Stack-oriented programming

Last updated

Stack-oriented programming is a programming paradigm that relies on a stack (or multiple stacks) to manipulate data and/or pass parameters. Several programming languages fit this description, notably Forth, RPL, and PostScript. Stack-oriented programming languages operate on one or more stacks, each of which may serve a different purpose. Programming constructs in other programming languages need to be modified for use in a stack-oriented system. [1] Most stack-oriented languages operate in postfix or Reverse Polish notation.
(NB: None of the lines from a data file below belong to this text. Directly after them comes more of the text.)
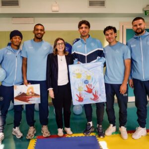 Ma anche i piccoli pazienti hanno voluto fare un regalo ai giocatori: due quadri realizzati in un percorso laboratoriale proprio in vista di questo incontro speciale. L’arrivo dei campioni azzurri è stato accolto da sorrisi, emozione e qualche sguardo incredulo: per molti bambini, abituati a vedere i loro beniamini solo in TV o allo stadio, ritrovarseli accanto è stato un momento speciale, capace di alleggerire per qualche ora il peso della degenza.
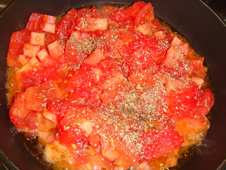 Снять шкурку, мелко порубить. Потушить на оливковом масле с луком и чесноком, с прованскими травами до мягкости:
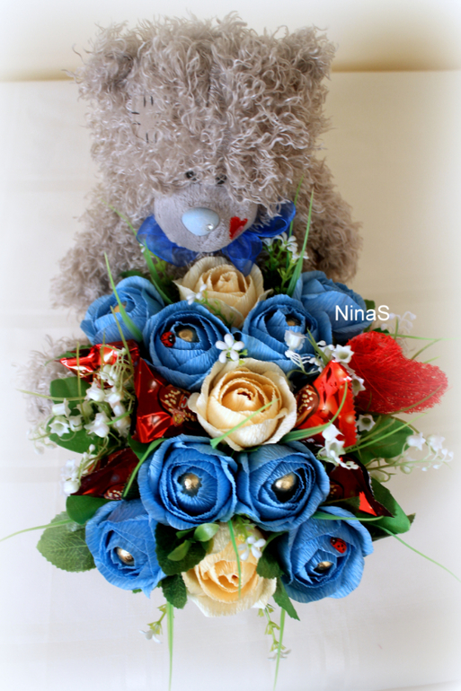 Замечательные работы! Композиции получились оригинальные, отличная придумка с бутылкой и полотенцем ))) и мишка в интересном цветосочетании.Розочки у тебя чудесные! Каждый раз на них любуюсь ))) Композиции получились оригинальные, не избитые.
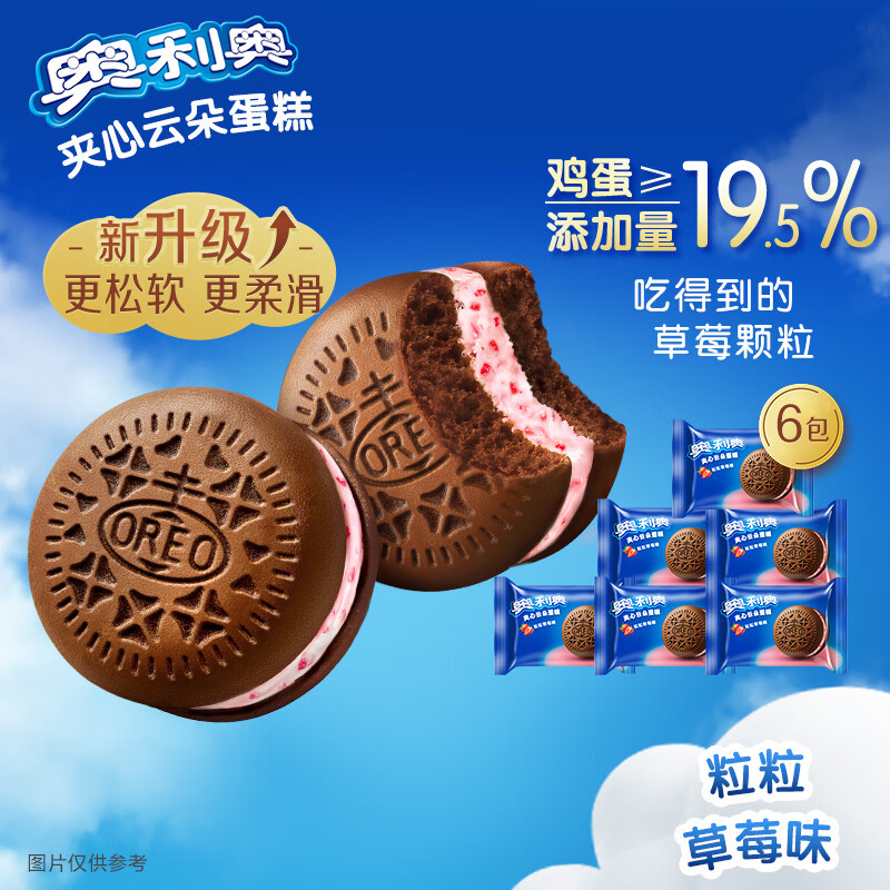 奥利奥(Oreo)夹心云朵蛋糕粒粒草莓味6枚132g 糕点休闲零食 早餐下午茶
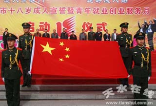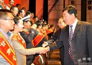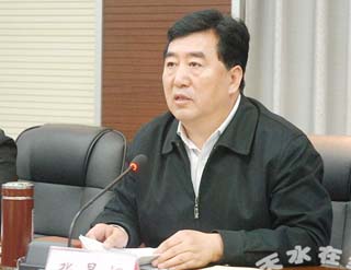 (秦安縣委常委、組織部長(zhǎng)郭海軍在行政辦公中心廣場(chǎng)為參加培訓(xùn)的村干部送行)
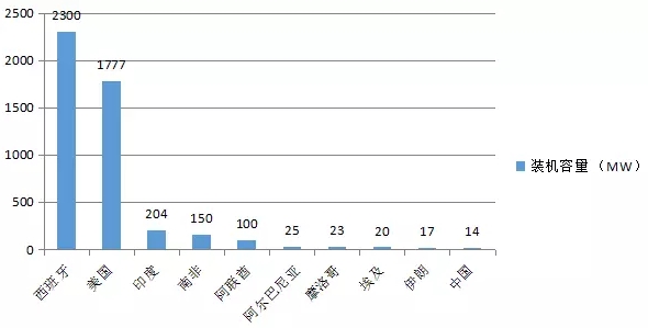國際可再生能源署(IRENA)統(tǒng)計數(shù)據(jù)顯示,截至2015年12月底,西班牙在運光熱電站總裝機(jī)容量為2300MW,占全球總裝機(jī)容量近一半,位居世界第一;美國總裝機(jī)量為1777MW,位列世界第二;兩者合計光熱裝機(jī)超過4GW,約占全球光熱裝機(jī)的88%。其后是印度、南非、阿聯(lián)酋、阿爾及利亞、摩洛哥等國。

Any arguments or parameters for a command are stated before that command. For example, postfix notation would be written 2, 3, multiply instead of multiply, 2, 3 (prefix or Polish notation), or 2 multiply 3 (infix notation). The programming languages Forth, Factor, RPL, PostScript, BibTeX style design language [2] and many assembly languages fit this paradigm.

Contents

Stack-based algorithms consider data, by utilising one piece of data from atop the stack, and returning data back atop the stack. The need for stack manipulation operators, allow for the stack to manipulate data. To emphasise the effect of a statement, a comment is used showing the top of the stack before and after the statement. This is known as the stack effect diagram. PostScript stacks consider separate stacks for additional purposes. This considers variables, dictionaries, procedures, anatomy of some typical procedures, control and flow. The analysis of the language model allows expressions and programs to be interpreted simply and theoretically.

Stack-based algorithms

PostScript is an example of a postfix stack-based language. An expression example in this language is 2 3 mul('mul' being the command for the multiplication operation). Calculating the expression involves understanding how stack-orientation works.
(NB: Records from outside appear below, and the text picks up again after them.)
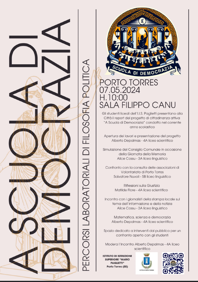 L'Istituto “M. Paglietti” di Porto Torres martedì 7 maggio, alle ore 10.00 nella sala Filippo Canu in Corso Vittorio Emanuele II, presenterà l’evento finale legato al progetto di educazione alla cittadinanza attiva-politica “A Scuola di democrazia- percorsi laboratoriali di filosofia”, promosso dall’Istituto nel corso dell’anno scolastico.
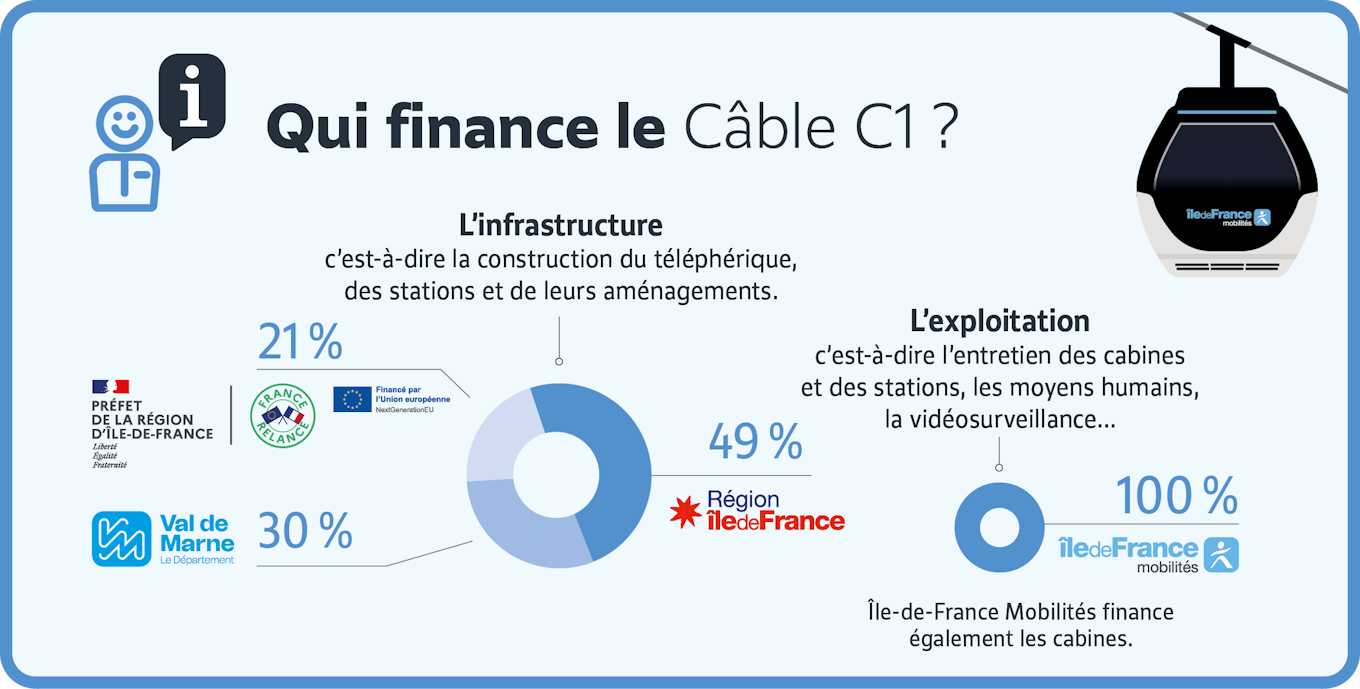 - Île-de-France Mobilités est le maître d’ouvrage du Câble C1. À ce titre, elle assure la cohérence technique et financière du projet et veille au respect du programme. En sa qualité d’Autorité Organisatrice des Transports, elle imagine, organise et finance les transports publics pour tous les Franciliens. Au cœur du réseau de transports d’Île-de-France, Île-de- France Mobilités fédère tous les acteurs (voyageurs, élus, constructeurs, transporteurs, gestionnaires d’infrastructures), décide et pilote les projets de développement et de modernisation de tous les transports, investit et innove pour améliorer le service rendu aux voyageurs. Île-de-France Mobilités finance aussi à 100 % les cabines et le fonctionnement du Câble C1.
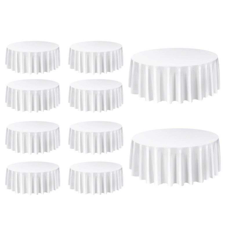 Pyöreät valkoiset pöytäliinat juhliin, tilaisuuksiin ja arkeen. Pakkauksessa on 10 kpl pöytäliinoja, joiden halkaisija on 120 inch / 3048 mm. Polyesterikangas tuntuu miellyttävältä ihoa vasten, hengittää hyvin ja laskeutuu siististi pöydän ympärille.
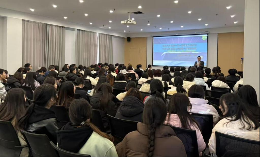 参观结束后,爱菊集团党委书记刘东萌为师生们作了题为《服务大局 助推一带一路建设走深走实,创新发展 促进内外贸易一体高质发展》的专题报告。刘书记结合集团多年发展实践,从粮食安全战略背景切入,深入剖析了爱菊集团在跨国经营中的财务管理创新——在哈萨克斯坦基地建设中如何通过汇率风险管理降低跨境交易成本,在全产业链布局中如何通过预算管理实现资源优化配置,在品牌建设中如何通过财务杠杆撬动市场拓展。他强调,“现代企业的财务管理早已超越单纯的记账核算,更是企业战略落地的核心支撑。”报告尾声,刘书记与学生们亲切互动,针对“跨境粮贸的税务筹划”“农业企业的补贴资金管理”等专业问题逐一解答,现场氛围热烈。
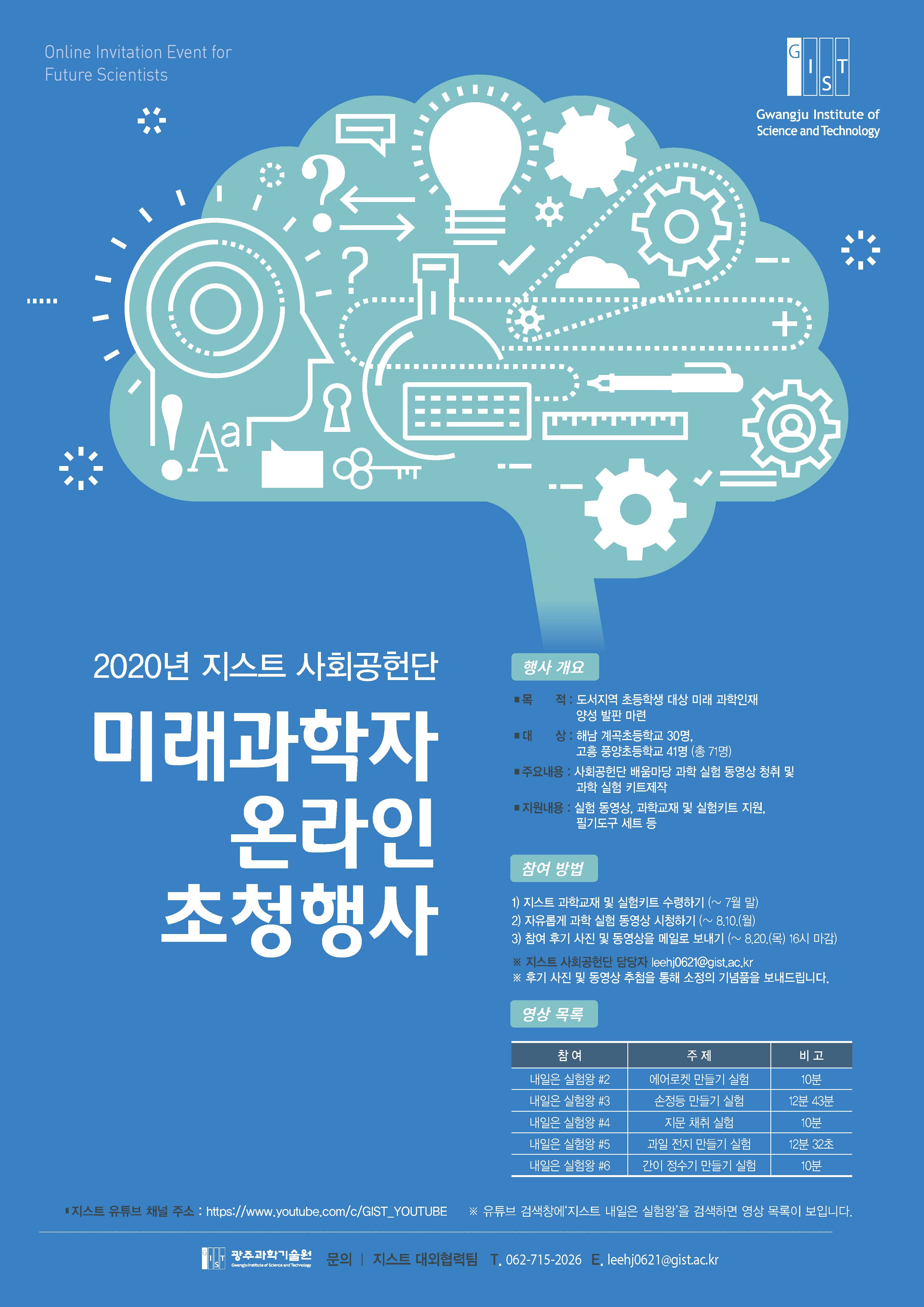 * 지스트 사회공헌단 담당자 leehj0621@gist.ac.kr

Stack-orientation can be presented as the following conveyor belt analogy. at the end of a conveyor belt (the input), plates marked 2, 3, and mul are placed in sequence. The plate at the end of the conveyor (2) can be taken, however other plates cannot be accessed until the plate at the end is removed. The plates can only be stored in a stack, and can only be added or removed from atop the stack, not from the middle or bottom. Blank plates (and a marker) can be supplied and plates can be permanently discarded.

Human stack.svg

Take plate 2 and put it on the stack, then take plate 3 and put it on the stack. Next, take the mul plate. This is an instruction to perform. Then, take the top two plates off the stack, multiply their labels (2 and 3), and write the result (6) on a new plate. Discard the two old plates (2 and 3) and the plate mul, and put the new plate on the stack. With no more plates remaining on the conveyor, the result of the calculation (6) is shown on the plate atop the stack.
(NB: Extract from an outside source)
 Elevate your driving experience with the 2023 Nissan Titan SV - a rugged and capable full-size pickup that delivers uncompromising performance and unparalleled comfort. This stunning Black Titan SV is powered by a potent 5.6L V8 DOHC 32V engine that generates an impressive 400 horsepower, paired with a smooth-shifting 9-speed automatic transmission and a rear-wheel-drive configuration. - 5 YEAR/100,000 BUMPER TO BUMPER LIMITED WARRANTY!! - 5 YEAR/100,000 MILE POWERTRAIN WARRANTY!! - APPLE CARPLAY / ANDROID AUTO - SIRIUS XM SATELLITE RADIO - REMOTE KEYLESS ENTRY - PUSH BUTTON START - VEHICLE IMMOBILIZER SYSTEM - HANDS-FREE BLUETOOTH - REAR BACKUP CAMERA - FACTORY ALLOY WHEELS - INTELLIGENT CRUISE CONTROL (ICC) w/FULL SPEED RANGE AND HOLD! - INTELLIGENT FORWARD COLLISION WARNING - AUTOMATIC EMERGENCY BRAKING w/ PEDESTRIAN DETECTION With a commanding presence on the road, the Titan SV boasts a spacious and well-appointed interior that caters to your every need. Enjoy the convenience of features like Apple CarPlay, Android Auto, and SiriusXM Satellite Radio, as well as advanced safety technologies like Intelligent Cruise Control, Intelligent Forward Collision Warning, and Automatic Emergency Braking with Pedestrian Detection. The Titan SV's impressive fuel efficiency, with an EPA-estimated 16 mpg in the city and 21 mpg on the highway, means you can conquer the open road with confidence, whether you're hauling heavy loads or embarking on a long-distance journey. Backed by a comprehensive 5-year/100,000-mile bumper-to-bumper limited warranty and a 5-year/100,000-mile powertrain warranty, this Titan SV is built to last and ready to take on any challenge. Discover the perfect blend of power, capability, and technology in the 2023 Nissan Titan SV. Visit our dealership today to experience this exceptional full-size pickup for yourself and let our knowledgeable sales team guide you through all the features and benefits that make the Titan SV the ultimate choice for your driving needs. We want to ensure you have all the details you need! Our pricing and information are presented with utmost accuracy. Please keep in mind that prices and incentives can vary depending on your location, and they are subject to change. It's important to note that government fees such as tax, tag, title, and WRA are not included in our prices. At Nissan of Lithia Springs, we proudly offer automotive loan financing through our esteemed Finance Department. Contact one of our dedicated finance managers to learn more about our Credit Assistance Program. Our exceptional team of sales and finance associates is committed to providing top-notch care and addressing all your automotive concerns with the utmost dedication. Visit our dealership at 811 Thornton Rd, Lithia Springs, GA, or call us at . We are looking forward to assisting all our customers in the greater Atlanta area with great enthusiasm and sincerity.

This is a very simple calculation. What if a more complex calculation is needed, such as (2 + 3) × 11 + 1? If it is first written in postfix form, that is, 2 3 add 11 mul 1 add, the calculation can be performed in exactly the same manner and achieve the correct result. The steps of the calculation are shown in the table below. Each column shows an input element (the plate at the end of the conveyor), and the contents of the stack after processing that input.

Input23add11mul1add
Stack23
2
511
5
551
55
56

After processing all the input, the stack contains 56, which is the answer.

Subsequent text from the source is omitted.